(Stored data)
--
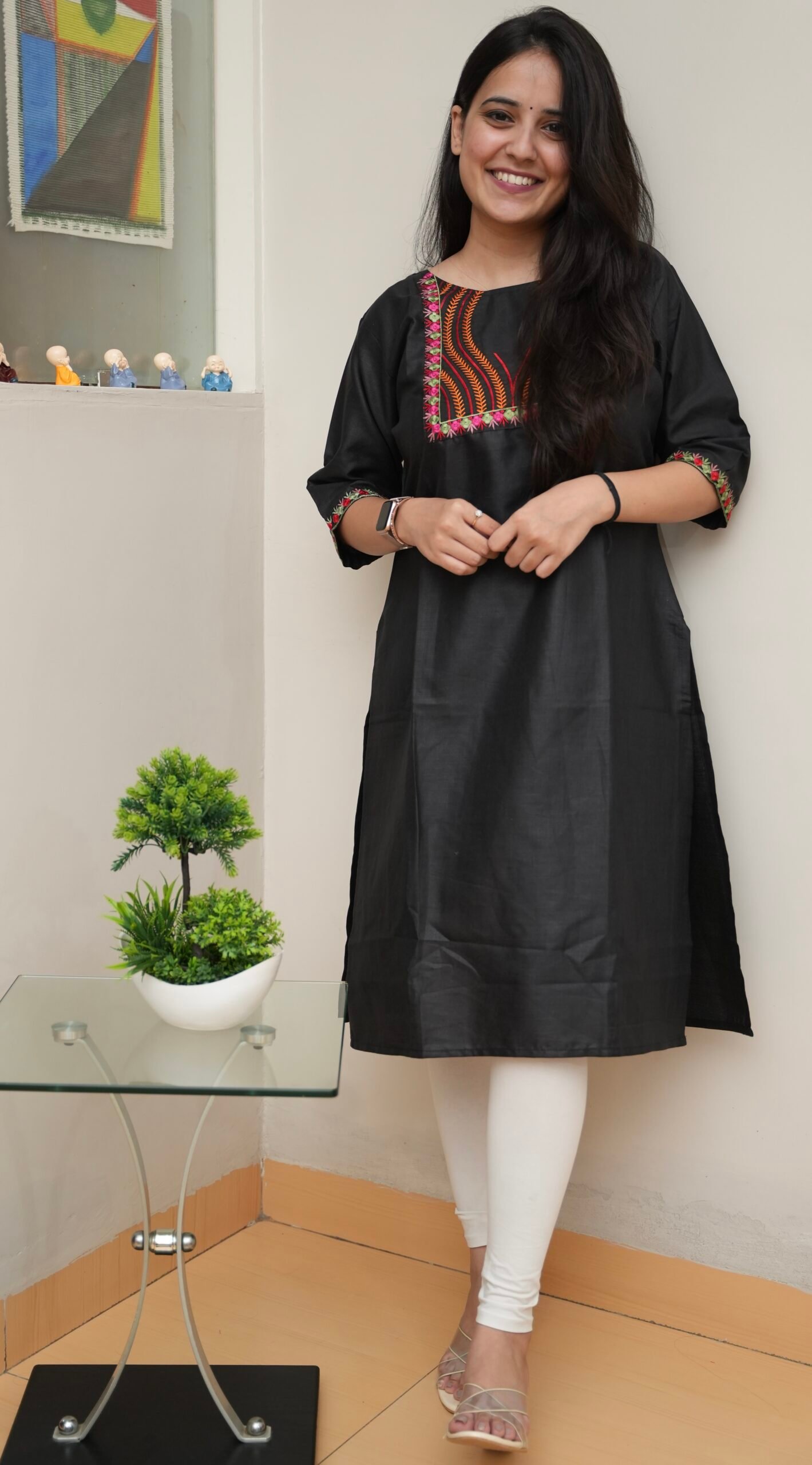 A timeless black kurta elevated with vibrant thread embroidery on the yoke and sleeves. Crafted in a smooth, comfortable fabric with a straight silhouette, this piece effortlessly blends simplicity with a splash of colorful tradition—perfect for workwear or casual festive outings.
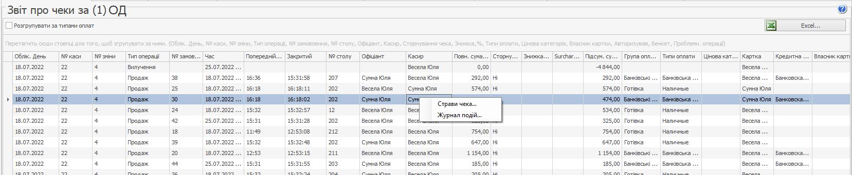 - Група оплати - тип оплати замовлення, за яким роздруковано чек: "Оплата готівкою", "Банківські картки", "Безготівковий розрахунок" або "За рахунок закладу".
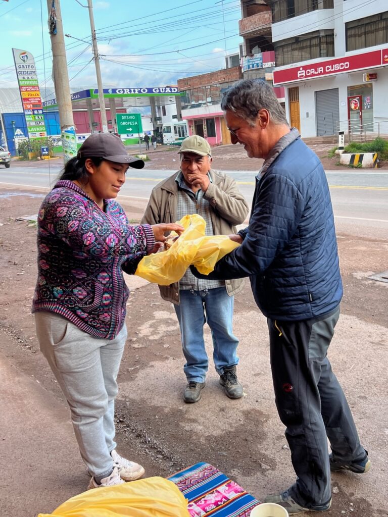 Der Tag beginnt mit einem Halt bei der Bäckerei um pan chuta zu kaufen. Definitiv allseits beliebt 😄😋Hummingbird des Hochlands Gräber aus der Vorinkazeit, 3600müMZwischenhalt in PaucartamboAbenteurerliche Strasse den Flanken der Berge entlangVogelbeobachtungsplattformCock of the rock, Perus Nationalvogel
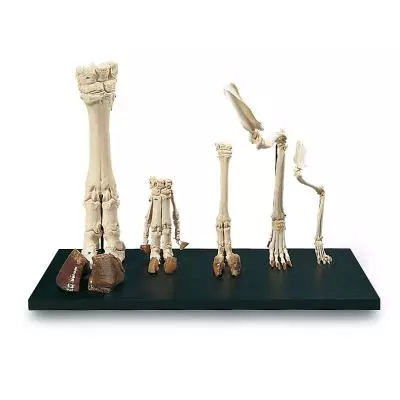 Diese Modellserie ermöglicht einen anschaulichen Vergleich der unterschiedlichen Fußformen von Säugetieren. Bestehend aus Fußskeletten von Pferd oder Rind, Schwein und Schaf mit separat montierten Hufen sowie Beinskeletten mit Schulterblatt von Katze oder Hase und Hund. Auf Holzsockel montiert. Bitte beachten Sie, dass das Bein auch ohne Schulterblatt geliefert werden kann.
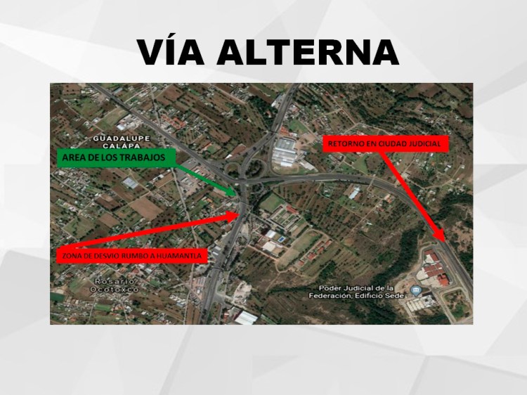 Por tal motivo, se sugiere a los automovilistas utilizar como vía alterna la carretera Amaxac-Apizaco, para posteriormente incorporarse en el retorno ubicado en Ciudad Judicial.
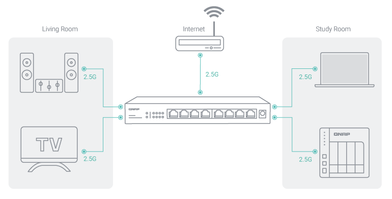 Aby korzystać z modelu QSW-1108-8T, nie są wymagane skomplikowane ustawienia – wystarczy podłączyć urządzenia przy użyciu istniejących kabli Cat 5e i gotowe. Model QSW-1108-8T obsługuje autonegocjację, która optymalizuje szybkości transferu (2,5G/1G/100M) i wydajność dla wszystkich podłączonych urządzeń.
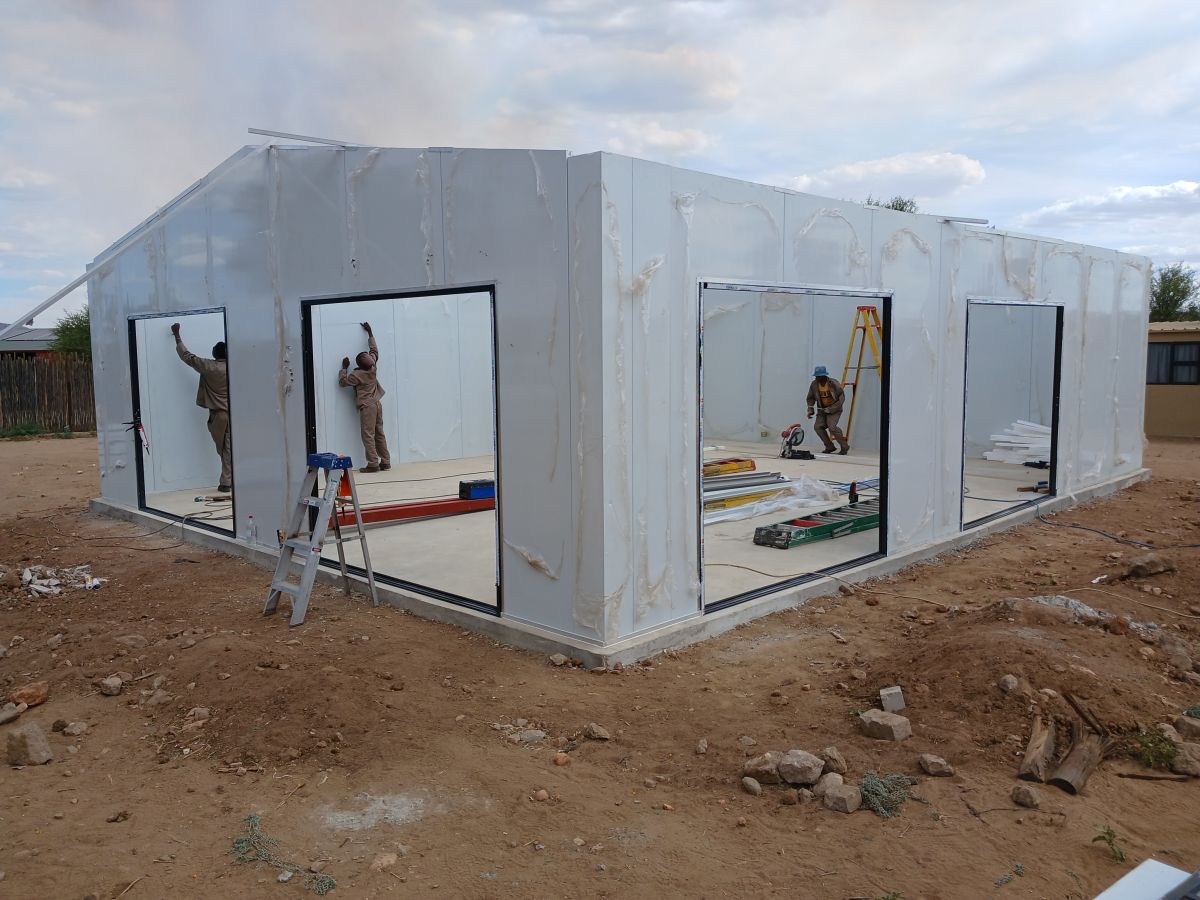 These structures require a concrete slab to be casted to construct your prefabricated shelter of choice. Material is transported to site, upon which assembly takes place. This is a popular mid to long term solution. The prefabricated structure can be disassembled and moved to a new location, but the concrete lab stays intact.
--
**TRY IT**
Lines from the one above containing "Diese Modellserie ermöglicht" down to the one containing "Aby korzystać z" should be transcribed exactly, with both ends kept and no pictures.

**SOLUTION TO THIS TASK**
 Diese Modellserie ermöglicht einen anschaulichen Vergleich der unterschiedlichen Fußformen von Säugetieren. Bestehend aus Fußskeletten von Pferd oder Rind, Schwein und Schaf mit separat montierten Hufen sowie Beinskeletten mit Schulterblatt von Katze oder Hase und Hund. Auf Holzsockel montiert. Bitte beachten Sie, dass das Bein auch ohne Schulterblatt geliefert werden kann.
 Por tal motivo, se sugiere a los automovilistas utilizar como vía alterna la carretera Amaxac-Apizaco, para posteriormente incorporarse en el retorno ubicado en Ciudad Judicial.
 Aby korzystać z modelu QSW-1108-8T, nie są wymagane skomplikowane ustawienia – wystarczy podłączyć urządzenia przy użyciu istniejących kabli Cat 5e i gotowe. Model QSW-1108-8T obsługuje autonegocjację, która optymalizuje szybkości transferu (2,5G/1G/100M) i wydajność dla wszystkich podłączonych urządzeń.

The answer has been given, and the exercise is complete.